Built into the documents that frame our nation’s purpose are words that inspire us. America has never been perfect in its execution of stated ideals, but over time, life has gotten better. Even as we acknowledge that we often take three steps forward and two steps back, we are reassured. However there is a force out there that endangers our nation’s freedom. It threatens freedom around the world as well, and that force is the stateless corporation.
The major corporations of the world call themselves multi-national. That phrase is not accurate, a better term is “Stateless Corporations,” that is to say they have no loyalties to any nation. They pretty much operate outside the legal framework of any nation. Why this is dangerous and cannot be tolerated by the people I will go into later, but we the people have power in the hands that we have not fully exercised
Allow me to take you away from this thought for a moment and look at the writings of Alexis DeTocqueville. DeTocqueville, a Frenchman traveled through America writing about his observations of American life. Once, while he was a passenger on a river boat, he observed, on one side of the river there were slaves working on the river front, the other side of the river was a free state. The workers on the free state side were working at a fast pace and accomplishing much more than the slaves on the slave state side of the river. You can draw some conclusions about why the difference existed, and here is one.
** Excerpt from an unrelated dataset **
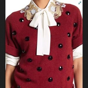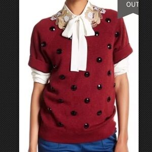 Glossy, faceted buttons march in regimented rows across the front of a finely knit sweater styled with short raglan sleeves for a look that's subtly sporty.

Black people are lazy and/or stupid. The truth is that black people in slavery were neither lazy nor stupid; they merely did what they needed to do in order to survive. We don’t know what motivated the workers on the free side of the river, but they could probably take a day off if they needed to, the slave worked until dead, so what he did was pace himself, and that was a form of self preservation, and also resistance.
My point of that paragraph is to remind us that the oppressed have the ability to resist. The labor movement in this country has been systematically crushed by the weight of corporate greed and the cooperation of a wholly purchased government. Organized labor today is a mere shadow of what it used to be, but bear this in mind. It is labor that physically built this country. The more we oppress labor the less gets done.
Presently we are standing on the broad shoulders of our parents and our grandparents. All of the great infrastructure that was built by them is now decaying. How will we ever pay for the rebuilding of this country when our people in Washington are triggering wars that cost us trillions of dollars? When will we, the laboring class refuse to go to war? When will we decide that my enemy is not who the federal government tells us it is? Maybe then, that good money can be redirected back to America’s needs. When will we again realize that labor is the key to sustainable growth? Capital investments in things that the population cannot afford will go nowhere.
Too many people equate the labor movement in terms of left wing politics. That notion is wrong. We, as a nation are a family, and no family leaves the least of its members behind. The collective blood sweat and tears of the laboring class made everything in this country that is of any value. If we leave them behind by allowing an ever increasing widening of the wealth disparity then we will become a modern feudal world. Without a living wage for workers we will cease to grow, and democracy cannot survive.